> **DATA PROVIDED**
------------
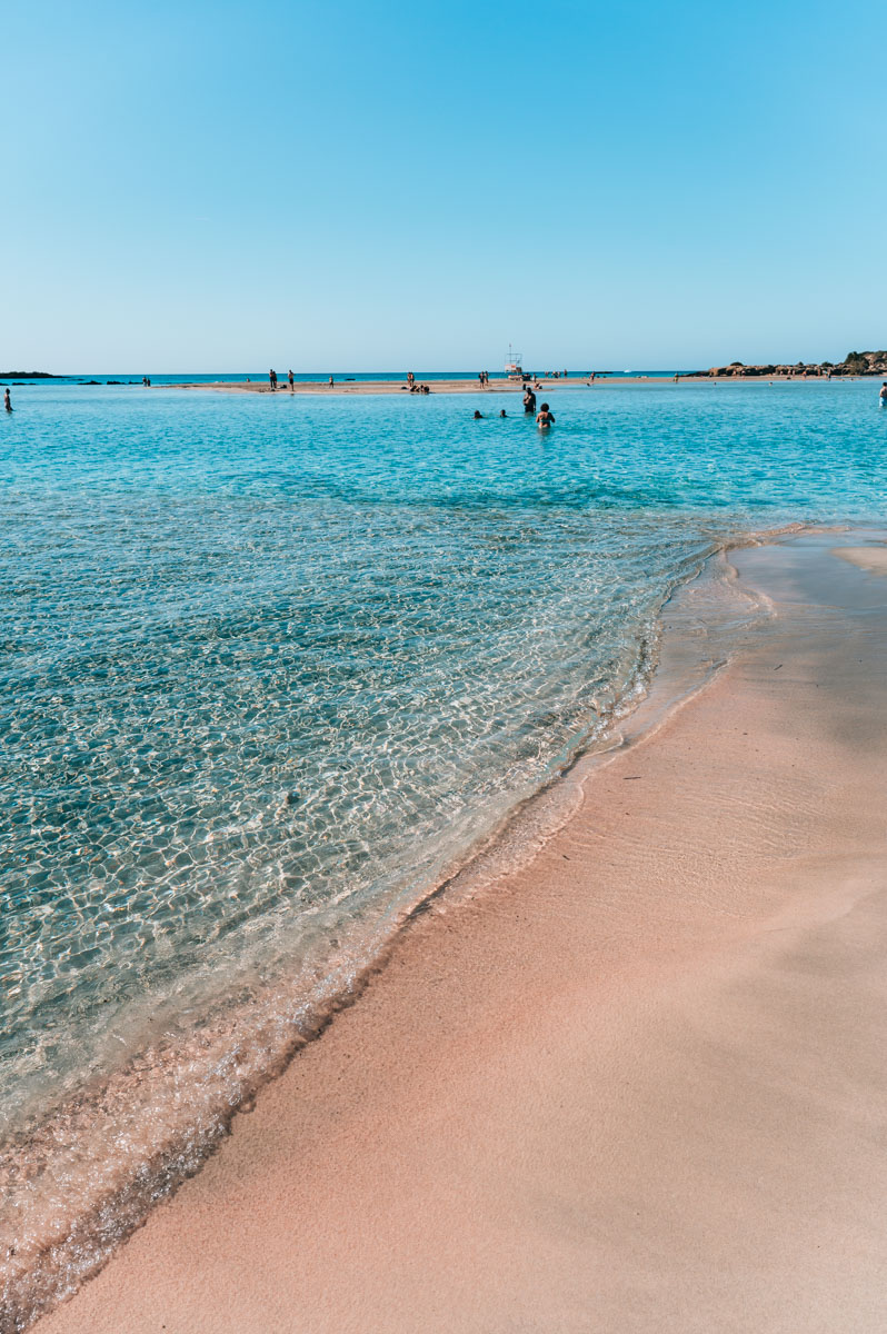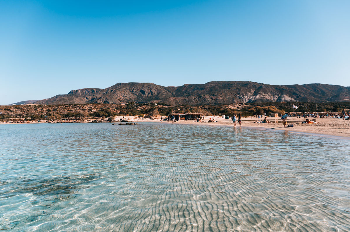 Ein kleines Stück Malediven mitten in Europa – das erwartet dich in Elafonisi. Elafonisi ist eine kleine, vorgelagerte Insel. Das Wasser zwischen Festland und Insel ist so seicht, dass du an vielen Stellen durchwaten kannst. Je nach Wasserstand werden auch Sandbänke freigelegt, sodass die Kulisse tatsächlich an eine Lagune in der Südsee erinnert.
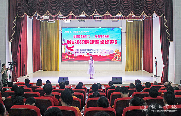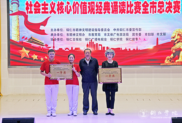5月28日,铜仁市“感恩奋进新时代·一区五地谱新篇”社会主义核心价值观经典诵读总决赛在世界杯官网梵净山人文生态馆举行。铜仁市政协副主席、文明委副主任时晓军出席活动并致辞。经过各区县、市直部门一个多月的层层选拔,共有13支代表队参加了总决赛。世界杯官网选送的作品《祖国万岁》在市直部门比赛中脱颖而出获一等奖并进入市级总决赛,最终在总决赛中荣获一等奖。
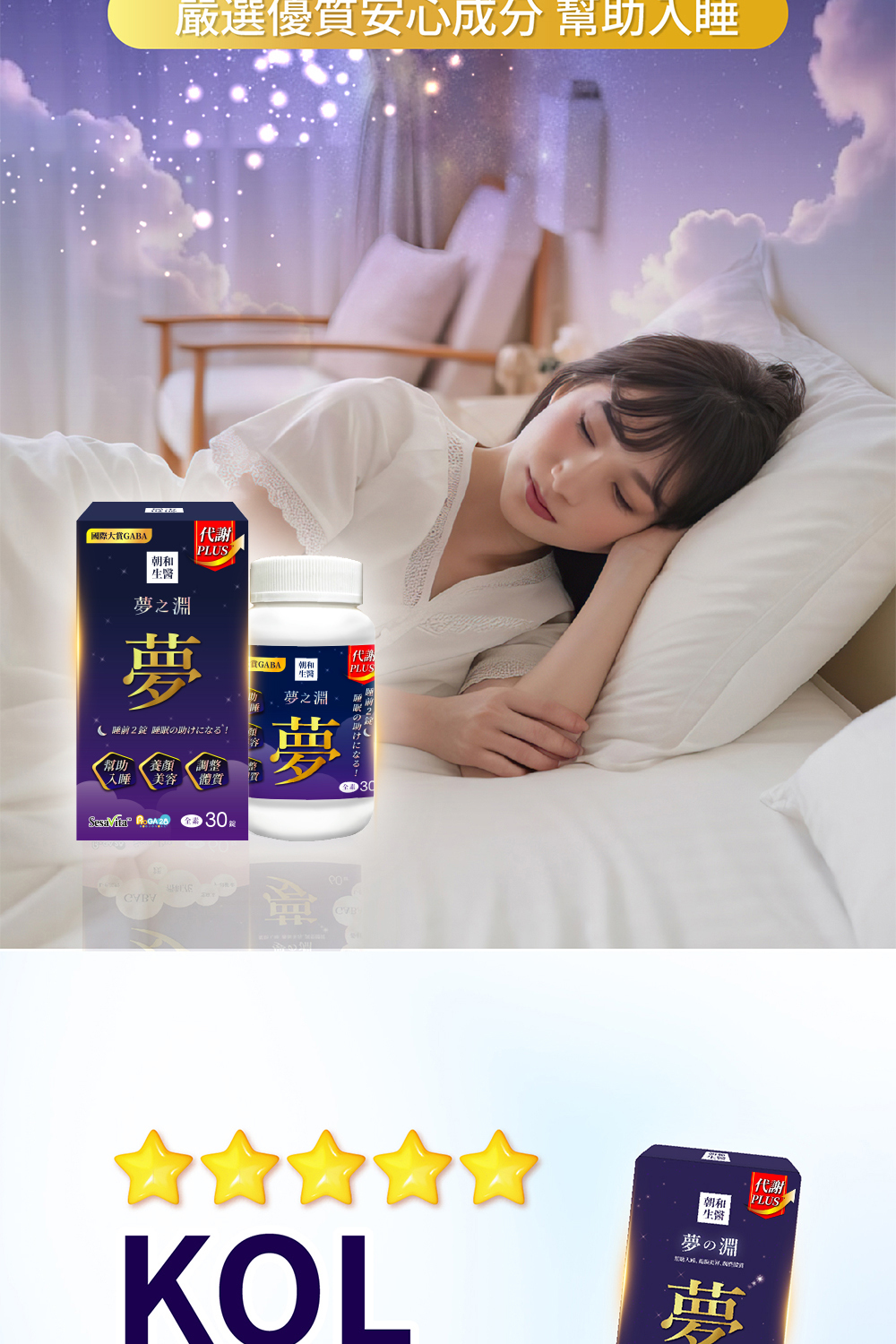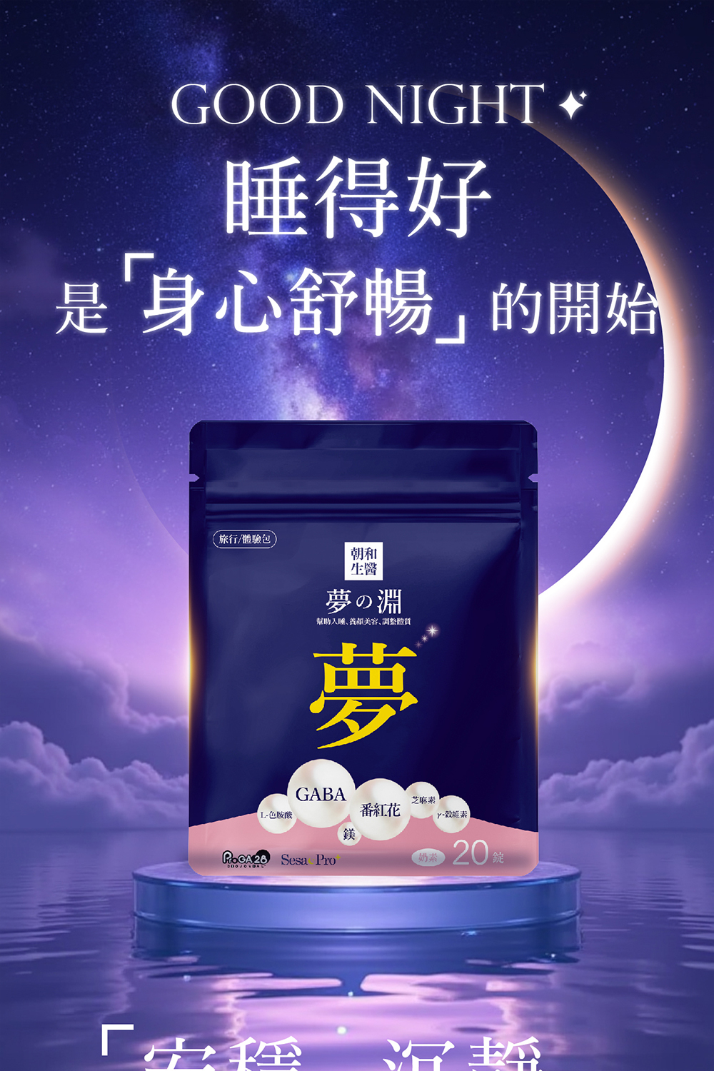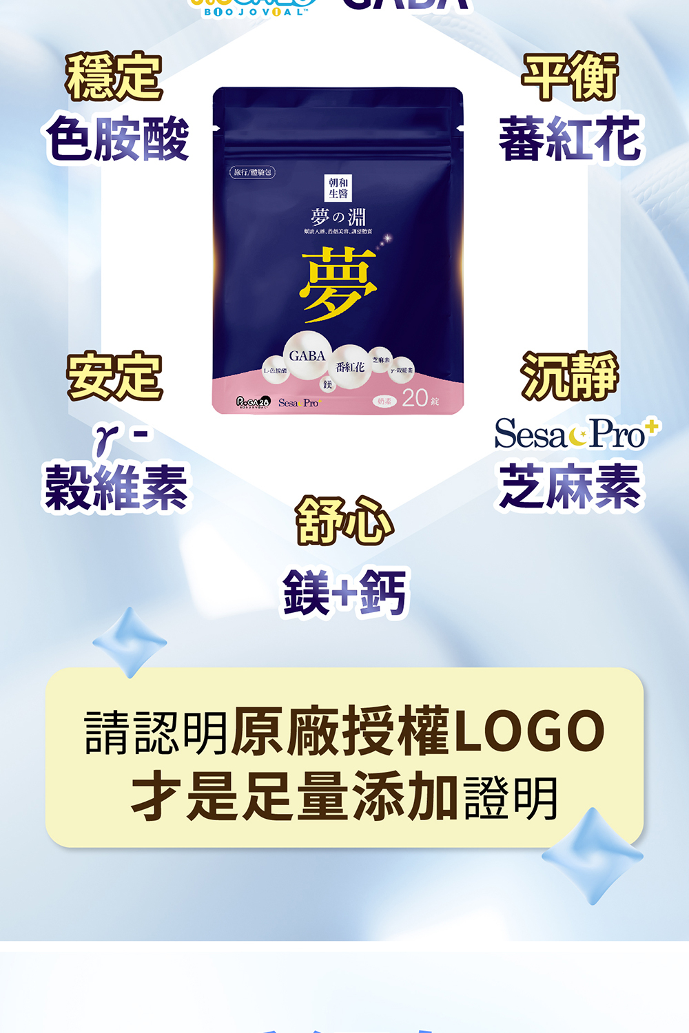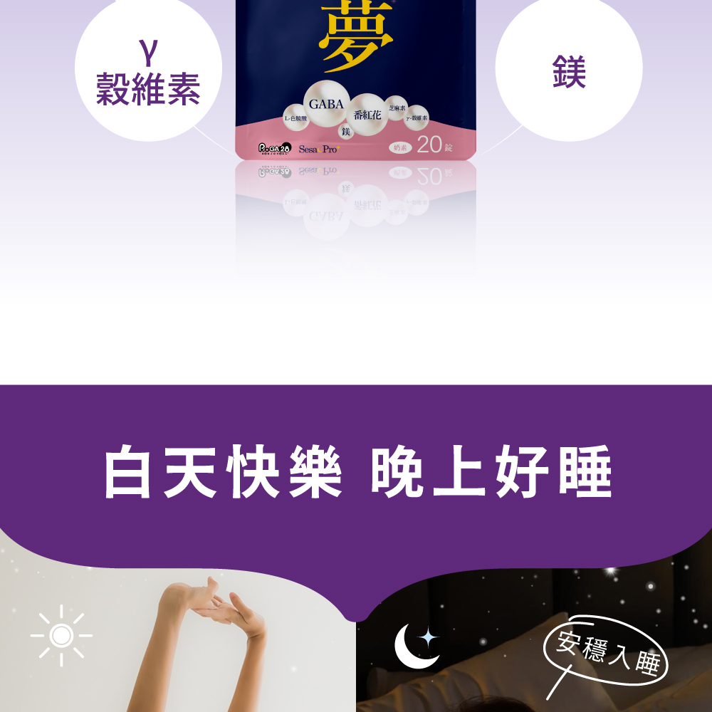 5大關鍵成份,GABA、色胺酸、芝麻素、穀維素、鎂。
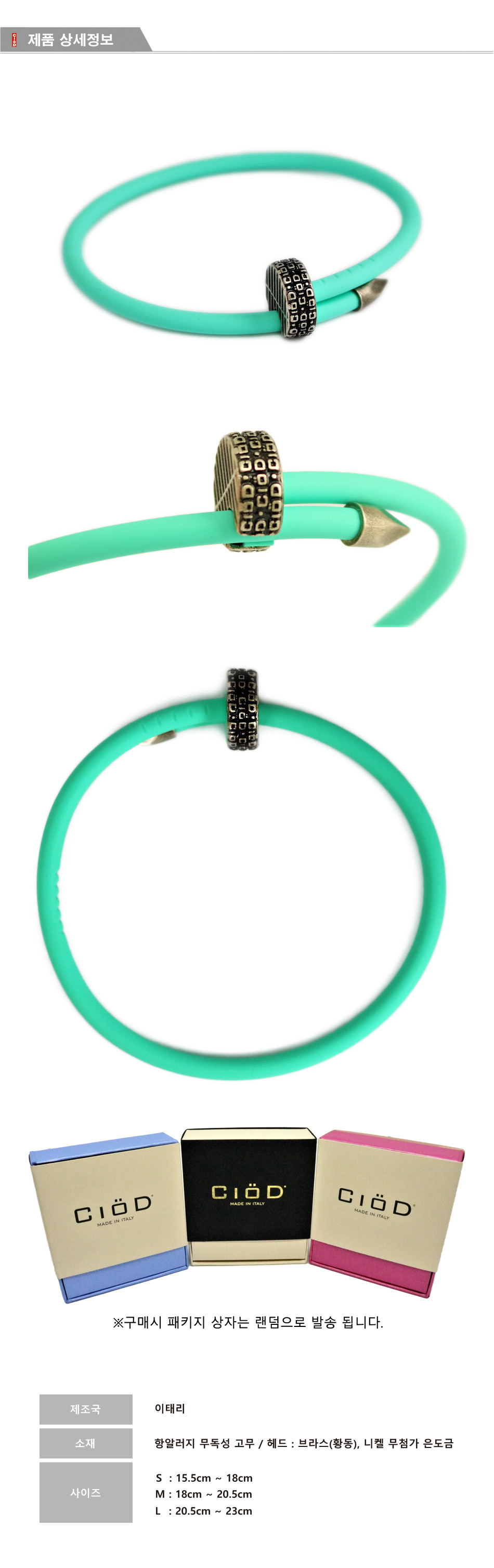 이탈리아 Luca Cantamessa에 의해 탄생한 CiöD는 우리 삶 속에 흔히 볼 수 있는 투박하고 거친 "못"에서 세련된 악세사리로의 화려한 변화. 이질적인 두 물체, 고무와 금속의 조화로운 결합으로 유럽 여러 매체로부터 찬사와 호평을 받으며, 세계 최고의 편집 매장 파리 콜레트 입점에 성공한 CiöD.
------------
> **WHAT YOU NEED TO DO**
An image-free, exact version of the listing above is required.

> **EXERCISE RESPONSE**
 Ein kleines Stück Malediven mitten in Europa – das erwartet dich in Elafonisi. Elafonisi ist eine kleine, vorgelagerte Insel. Das Wasser zwischen Festland und Insel ist so seicht, dass du an vielen Stellen durchwaten kannst. Je nach Wasserstand werden auch Sandbänke freigelegt, sodass die Kulisse tatsächlich an eine Lagune in der Südsee erinnert.
5月28日,铜仁市“感恩奋进新时代·一区五地谱新篇”社会主义核心价值观经典诵读总决赛在世界杯官网梵净山人文生态馆举行。铜仁市政协副主席、文明委副主任时晓军出席活动并致辞。经过各区县、市直部门一个多月的层层选拔,共有13支代表队参加了总决赛。世界杯官网选送的作品《祖国万岁》在市直部门比赛中脱颖而出获一等奖并进入市级总决赛,最终在总决赛中荣获一等奖。
 5大關鍵成份,GABA、色胺酸、芝麻素、穀維素、鎂。
 이탈리아 Luca Cantamessa에 의해 탄생한 CiöD는 우리 삶 속에 흔히 볼 수 있는 투박하고 거친 "못"에서 세련된 악세사리로의 화려한 변화. 이질적인 두 물체, 고무와 금속의 조화로운 결합으로 유럽 여러 매체로부터 찬사와 호평을 받으며, 세계 최고의 편집 매장 파리 콜레트 입점에 성공한 CiöD.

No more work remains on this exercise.